Vorig jaar was opnieuw een dodelijk jaar voor klimaatactivisten. Voor zover bekend werden wereldwijd 196 mensen vermoord in hun strijd tegen de fossiele industrie, illegale houtkap of mijnbouw of protest tegen de overheid. Dat blijkt uit het nieuwe, jaarlijkse rapport van de Britse organisatie Global Witness. Ook in Europa, waar geen dodelijke slachtoffers vielen, wordt er steeds harder opgetreden tegen klimaatactivisten.
Het gevaarlijkste continent voor klimaatactivisme was vorig jaar opnieuw Zuid-Amerika waar 70 procent van de moorden plaatsvond, vooropgegaan door Colombia. Daar werden 79 mensen vermoord vanwege hun strijd tegen de vernietiging van hun leefomgeving. Naast Colombia werden de meeste activisten vermoord in Brazilië, Honduras en Mexico. Een groot deel van de slachtoffers (43 procent) viel onder de inheemse bevolking. Daarover schrijft NRC:
Die wordt bij besluitvorming over hun leefgebied en over het land van hun voorouders stelselmatig genegeerd. Uit onderzoek blijkt juist dat in gebieden die zij beheren de biodiversiteit groter is dan elders, dankzij hun traditionele kennis van de natuur en hun methodes om die te beschermen.
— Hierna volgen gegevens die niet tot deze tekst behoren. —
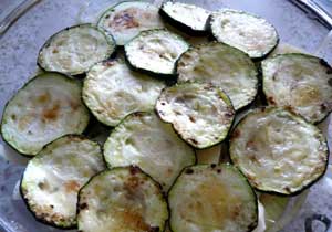 Далее возьмем кабачок, помоем его хорошо и нарежем средними кружочками, таким же размером, как нарезали картошку. Обжарим на масле, которое осталось после куриного филе и выкладываем поверх курочки.
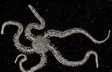 Pteropods and brittle stars together form the base of the Arctic food webs and both are seriously damaged by acidification. Pteropods shells dissolve with increasing acidification and brittle stars lose muscle mass when re-growing appendages.[114] Additionally the brittle star's eggs die within a few days when exposed to expected conditions resulting from Arctic acidification.[115] Acidification threatens to destroy Arctic food webs from the base up. Arctic waters are changing rapidly and are advanced in the process of becoming undersaturated with aragonite.[107] Arctic food webs are considered simple, meaning there are few steps in the food chain from small organisms to larger predators. For example, pteropods are "a key prey item of a number of higher predators – larger plankton, fish, seabirds, whales".[116]
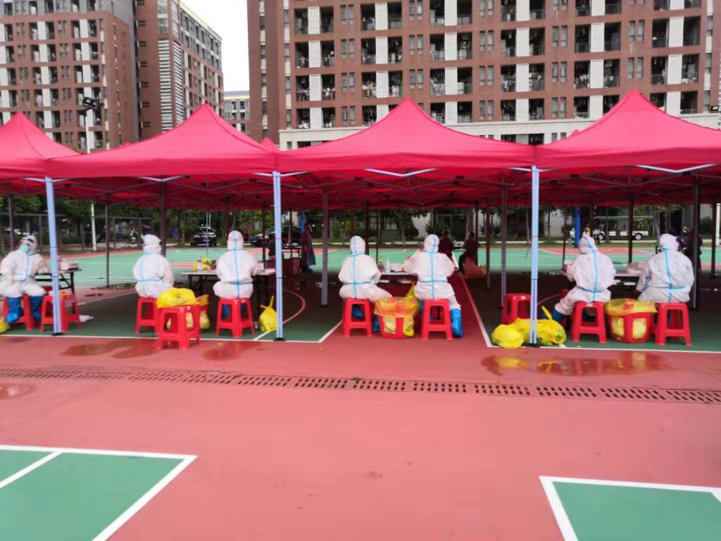 细雨中,医护人员在搭好的雨棚底下等待学生的到来
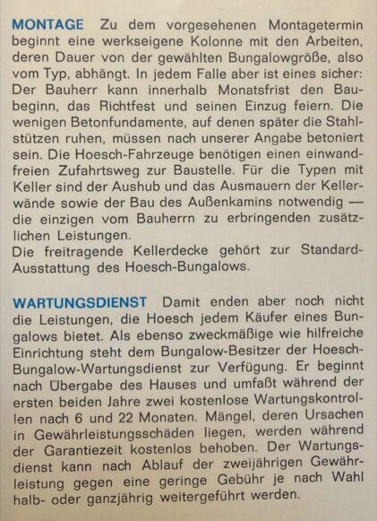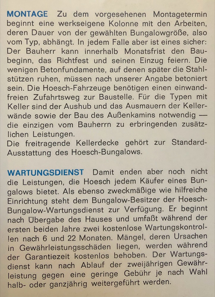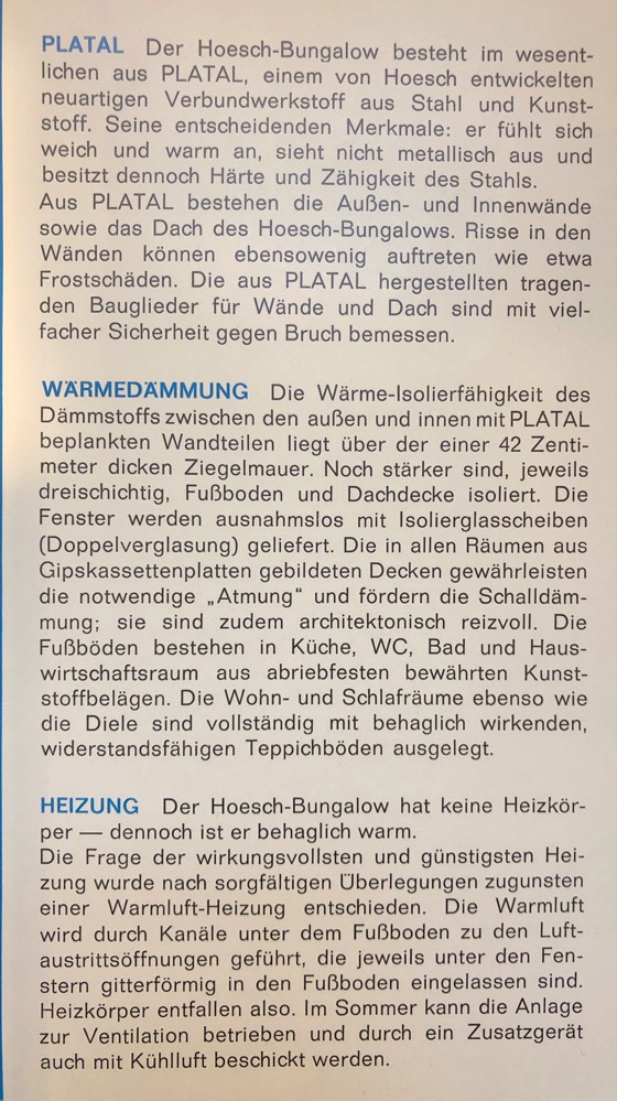 Das Dortmunder Unternehmen wollte durch den Bau eigener Fertighäuser vor allem den Absatz des gerade entwickelten Leichtprofils PLATAL – eines mit PVC beschichteten Stahlbleches – sichern. Doch der Traum platzte – gerade mal 200 Stahlfertighäuser wurden von der Hoesch AG in den 1960er-Jahren hergestellt – unter anderem als Test-Bungalow auf Mallorca.
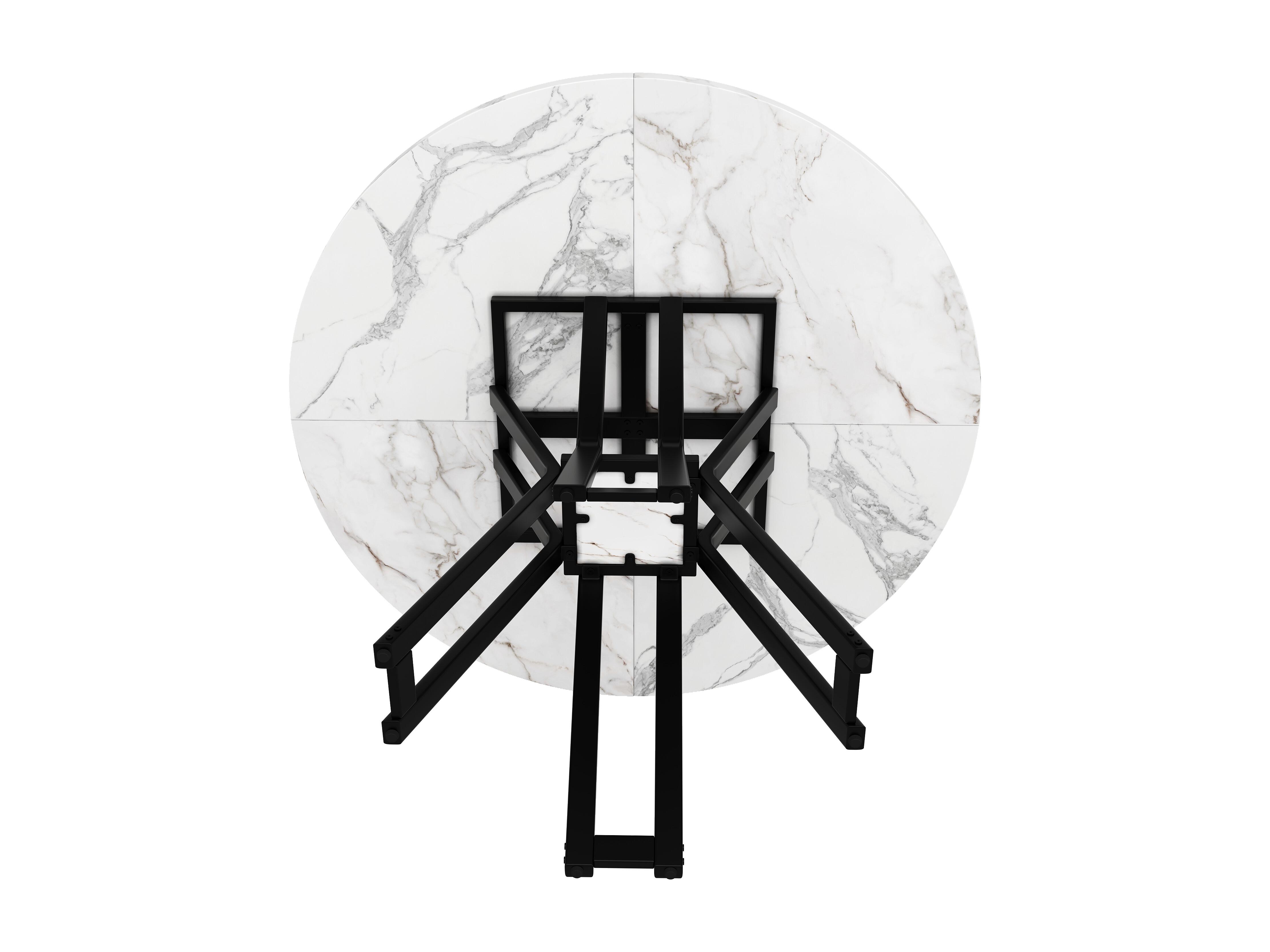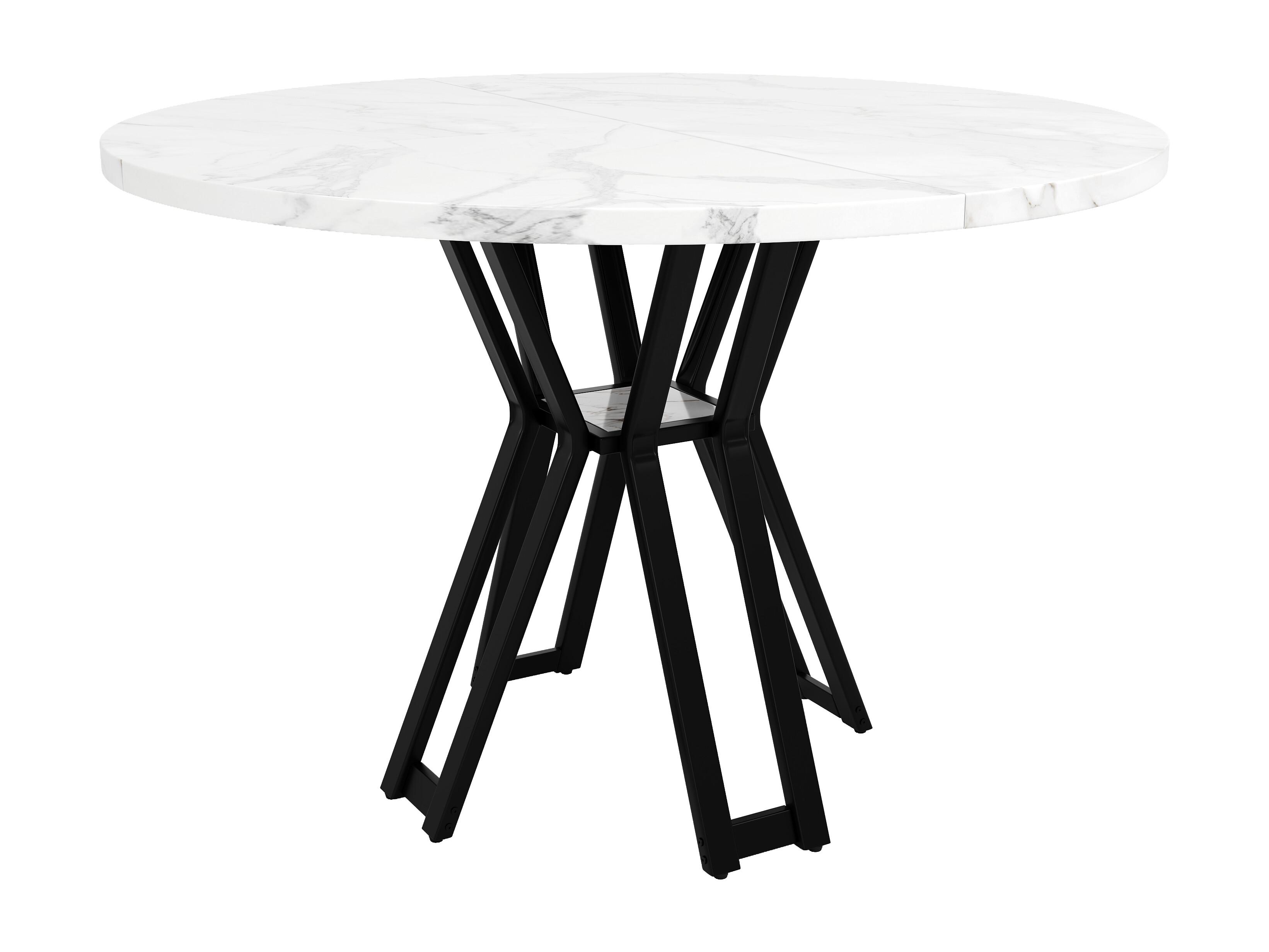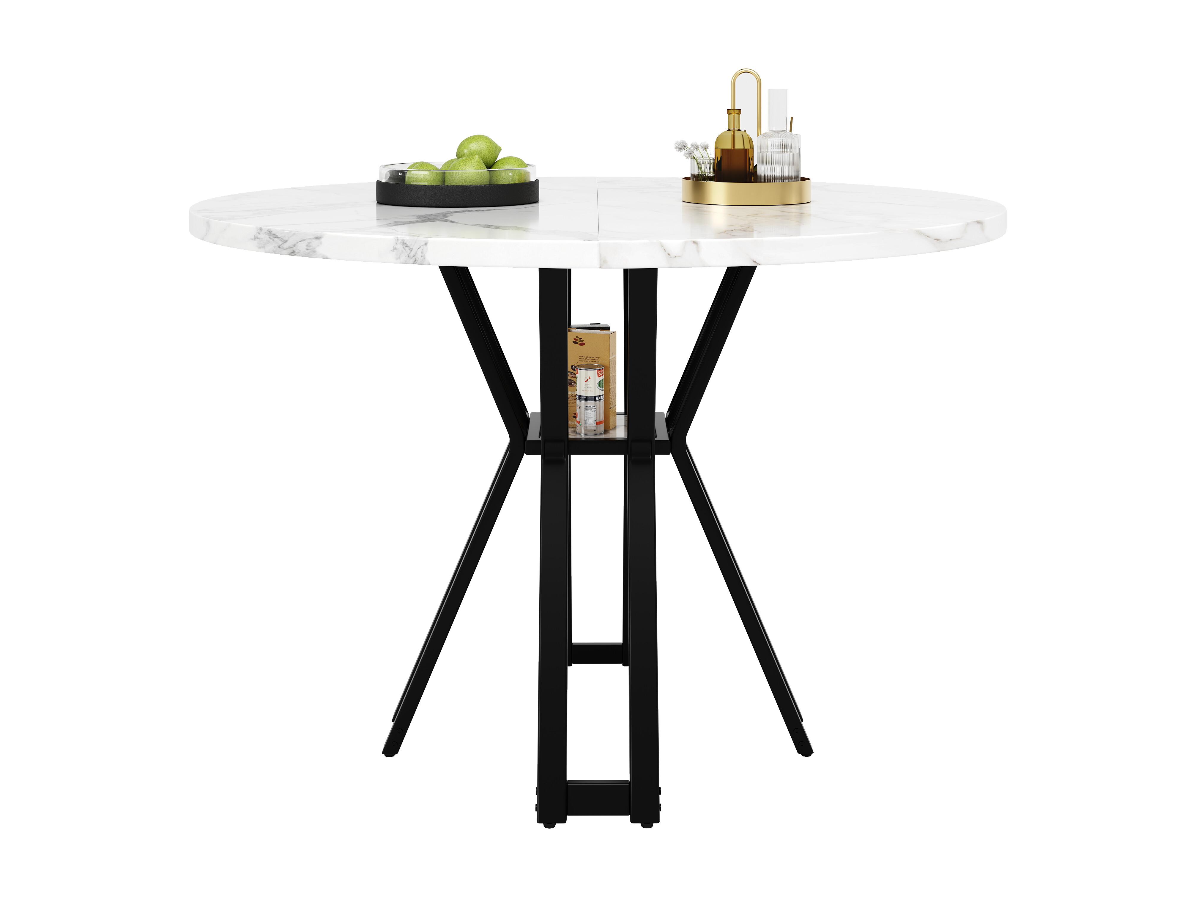 Table à manger table basse ronde pour 4 personnes - pied en métal noir - plateau mdf motif marbre blanc (100x100x76 cm)

In Brazilië is het aantal moorden op klimaatactivisten wel afgenomen ten opzichte van een jaar eerder. Onder de vorige president, de rechtsextremist Jair Bolsonaro, werd openlijk jacht gemaakt op klimaatactivisten die protesteerden tegen de uitverkoop van het Amazonegebied door de overheid. Ook op de Filippijnen, het enige niet Latijns-Amerikaanse land in de top, loopt het aantal moorden terug sinds de genocidale maniak Rodrigo Duterte (2016-2022) er niet meer aan de macht is.
West-Europa
Regeringen in West-Europa staan vaak vooraan om met hun vinger te wapperen richting het geweld tegen klimaatactivisten. Hoe hypocriet die houding is, blijkt uit een maandag gepubliceerd rapport van de Amerikaanse belangengroep Climate Rights International. Daarin staat dat westerse democratieën, waaronder ook Nederland, op grote schaal de vrijheid van meningsuiting en het recht op vreedzaam protest schenden. Dat gebeurt onder meer door het nemen van steeds strengere maatregelen tegen klimaatactivisten, volgens Climate Rights een schending van fundamentele mensenrechten.
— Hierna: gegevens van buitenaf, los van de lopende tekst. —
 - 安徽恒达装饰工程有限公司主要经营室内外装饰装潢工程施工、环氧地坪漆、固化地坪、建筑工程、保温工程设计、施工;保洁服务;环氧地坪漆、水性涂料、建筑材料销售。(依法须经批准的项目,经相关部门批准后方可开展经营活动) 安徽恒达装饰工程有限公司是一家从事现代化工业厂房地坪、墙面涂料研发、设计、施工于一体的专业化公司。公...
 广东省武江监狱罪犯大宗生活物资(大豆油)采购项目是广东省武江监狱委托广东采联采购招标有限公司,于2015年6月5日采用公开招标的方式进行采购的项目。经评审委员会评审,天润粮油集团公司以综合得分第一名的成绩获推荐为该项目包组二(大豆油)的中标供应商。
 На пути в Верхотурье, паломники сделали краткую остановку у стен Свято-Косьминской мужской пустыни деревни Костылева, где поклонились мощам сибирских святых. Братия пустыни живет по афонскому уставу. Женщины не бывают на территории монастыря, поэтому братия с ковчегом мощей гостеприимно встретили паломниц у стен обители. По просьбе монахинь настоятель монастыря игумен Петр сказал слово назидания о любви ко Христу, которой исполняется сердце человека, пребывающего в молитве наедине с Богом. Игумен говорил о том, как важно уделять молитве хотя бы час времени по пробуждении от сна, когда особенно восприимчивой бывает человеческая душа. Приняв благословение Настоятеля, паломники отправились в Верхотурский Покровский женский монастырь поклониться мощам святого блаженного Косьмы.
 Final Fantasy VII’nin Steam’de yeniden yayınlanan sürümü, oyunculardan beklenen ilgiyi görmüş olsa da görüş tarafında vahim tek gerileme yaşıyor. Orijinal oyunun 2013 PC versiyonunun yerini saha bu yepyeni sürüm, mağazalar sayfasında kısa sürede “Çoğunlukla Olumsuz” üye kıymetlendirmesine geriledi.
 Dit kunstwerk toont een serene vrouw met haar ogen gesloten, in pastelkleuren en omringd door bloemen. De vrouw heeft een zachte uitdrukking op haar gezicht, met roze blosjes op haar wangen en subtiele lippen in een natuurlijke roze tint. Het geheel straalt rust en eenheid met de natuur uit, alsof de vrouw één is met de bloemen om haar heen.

Hoezeer die rechten onder druk staan bleek dinsdag maar weer. Het Openbaar Ministerie maakte bekend dertien klimaatactivisten van Extinction Rebellion (XR) te vervolgen voor het blokkeren van de A10 bij Amsterdam. Die acties waren gericht tegen het investeringsbeleid van ING. XR wil dat de bank de banden verbreekt met bedrijven uit de fossiele industrie die aan de voet staan van de klimaatcrisis.
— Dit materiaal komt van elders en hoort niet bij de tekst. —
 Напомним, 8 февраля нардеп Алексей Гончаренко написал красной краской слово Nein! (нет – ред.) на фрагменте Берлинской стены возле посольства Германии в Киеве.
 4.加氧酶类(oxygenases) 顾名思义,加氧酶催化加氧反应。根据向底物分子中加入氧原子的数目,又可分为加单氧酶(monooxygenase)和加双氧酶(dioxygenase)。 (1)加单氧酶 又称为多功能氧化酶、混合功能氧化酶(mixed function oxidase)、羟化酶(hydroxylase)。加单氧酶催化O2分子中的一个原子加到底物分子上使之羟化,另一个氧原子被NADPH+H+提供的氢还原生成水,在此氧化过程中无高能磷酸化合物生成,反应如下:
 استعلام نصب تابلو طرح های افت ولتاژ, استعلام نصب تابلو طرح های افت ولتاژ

Climate Rights wijst op de dubbele standaard die landen als Nederland hanteren omdat de repressie in contrast staat met de scherpe kritiek die de landen uiten op soortgelijke methodes bij autoritaire regimes. Volgens het rapport worden “harde en tegelijk vaag gedefinieerde maatregelen” gebruikt tegen vreedzame klimaatactivisten, zoals lange gevangenisstraffen, preventieve hechtenis en strafrechtelijke vervolging voor relatief kleine overtredingen. Andere landen waar dit gebeurt zijn bijvoorbeeld Duitsland, Frankrijk, Zweden en het Verenigd Koninkrijk. Ook Australië en de Verenigde Staten krijgen er flink van langs.
De vervolging van Nederlandse XR-activisten door het OM doet denken aan het Verenigd Koninkrijk. Daar werden vijf klimaatactivisten veroordeeld voor celstraffen van vier tot vijf jaar wegens hun betrokkenheid bij klimaatprotesten op een snelweg rond Londen. Het was de eerste keer dat activisten in het Verenigd Koninkrijk zo hard gestraft werden voor vreedzaam protest. In Duitsland kreeg een demonstrant 22 maanden cel zonder vervroegde vrijlating voor deelname aan een zitstaking, een kleinschalige blokkade.
NRC schrijft:
Volgens Brad Adams, directeur van Climate Rights International, moeten klimaatactivisten juist als bondgenoten worden beschouwd in de strijd tegen de klimaatcrisis „en niet als criminelen”. Overheden hoeven het niet per se eens te zijn met de strategieën van activisten om toch hun demonstratierecht te erkennen en te beschermen, vindt Adams. Climate Rights International roept regeringen daarom op om repressieve maatregelen tegen vreedzaam protest terug te draaien en prioriteit te geven aan de bescherming van fundamentele rechten.